Carl Spock, that is a great way to start my New Year. Thanks for the laugh!


!rolling


----------



## Nick (Apr 23, 2002)

> Thanks for the welcome. I'll send Panties Uhura over to see you.


 _"Panties"_ Ohura? Dare I ask??? :scratch:

PM me if necessary!


----------



## Soulweeper (Jan 10, 2005)

I've wondered about changing my username also, because when I first signed up, I needed to ask a question, but didn't give much thought to my username, thinking I would just use the site once or twice, but now I'd like to change it if I could. If any of the mods would be willing to do that, I'd appreciate it. I can pm you the name I want to change it to.


----------



## Stuart Sweet (Jun 19, 2006)

Carl Spock said:


> We've jammed.
> 
> Do you know if you morph Carl Spock with Adam from The Way of Eden, you end up with what Danny Bonaduce will look like when he's 73 years old?
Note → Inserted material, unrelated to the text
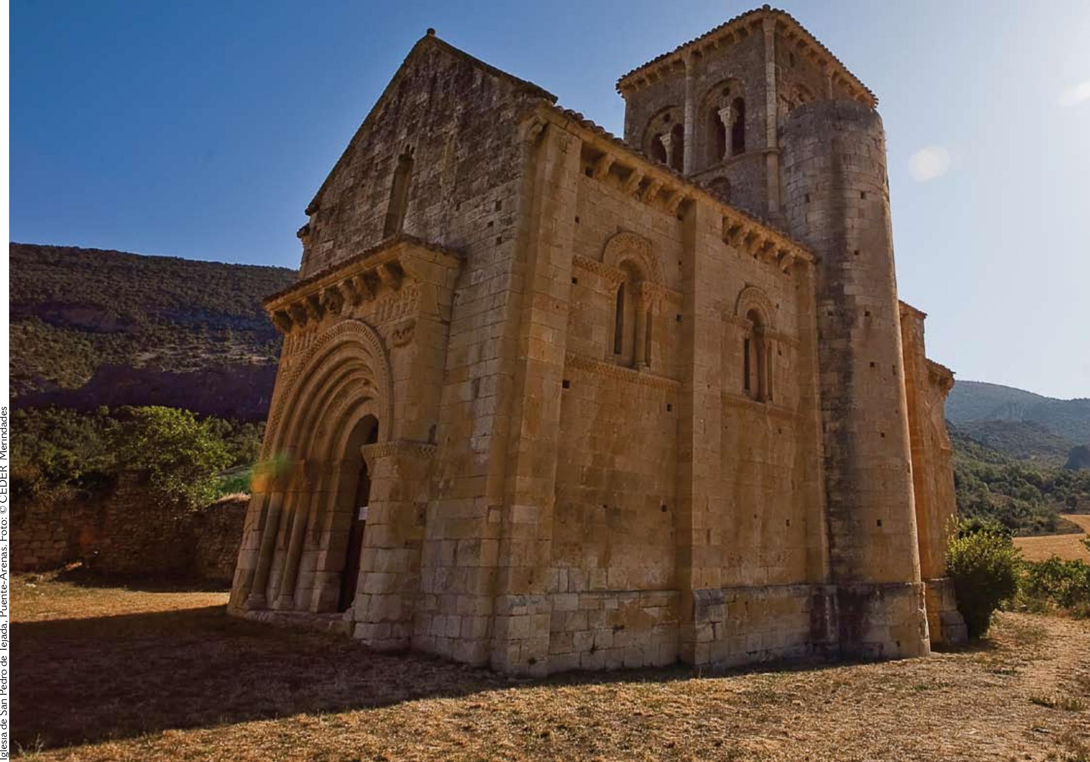
Iglesia de San Pedro de Tejada, Puente-Arenas.

San Pedro de Tejada, antiguo priorato benedictino dependiente de San Salvador de Oña, en el valle de Valdivielso, es uno de los monumentos cumbre del románico de inicios del siglo XII, perfectamente conservado.
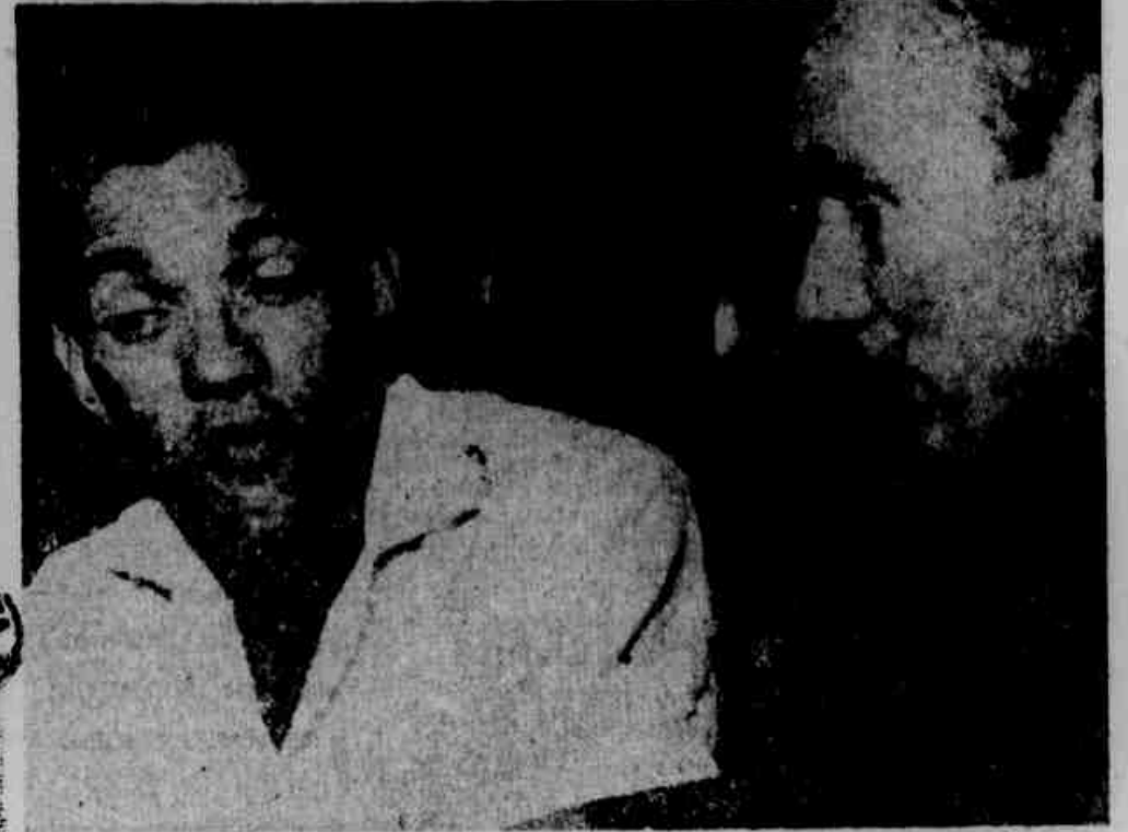
O grande craque Garrincha, quando falava à nossa reportagem

A BRIGA Entrando na casa, os cunhados dirigiram-se a Garrincha de maneira violenta e o jogador não gostou. Seu protesto, motivou uma forte discussão, que terminou em briga, tendo os revoltados rasgado as vestes da cantora, só não a espancando (Conclui na 2.ª pag.)

That is all kinds of wrong.


----------



## Carl Spock (Sep 3, 2004)

Nick said:


> _"Panties"_ Ohura? Dare I ask??? :scratch:


Even bad girls don't kiss and tell.



> PM me if necessary!


Go to your bunk, mister.



Stuart Sweet said:


> That is all kinds of wrong.


You know what was wrong?

Wrong was how the producers of TNG kept bringing back Denise Crosby in increasingly unbelievable roles. I reached my limit when they had her star as Sela Sheep.


----------



## Stuart Sweet (Jun 19, 2006)

Carl, I suspect you've reached a dangerous intersection between "not enough to do" and "too much access to Photoshop" :lol:


----------



## Soulweeper (Jan 10, 2005)

Thanks again Stuart for forwarding my name change request as well, and thanks to whoever changed it also! Appreciate it as well.


----------



## Stuart Sweet (Jun 19, 2006)

No problem, though... for future requesters, this sort of thing is best handled as ACILLATEM did, through PM and help requests.


----------



## Carl Spock (Sep 3, 2004)

OK.

I'll let you know when I want to become Diamond Jim Kirk.


----------



## Richard King (Mar 25, 2002)

Talk about jumping the shark!! :lol:


----------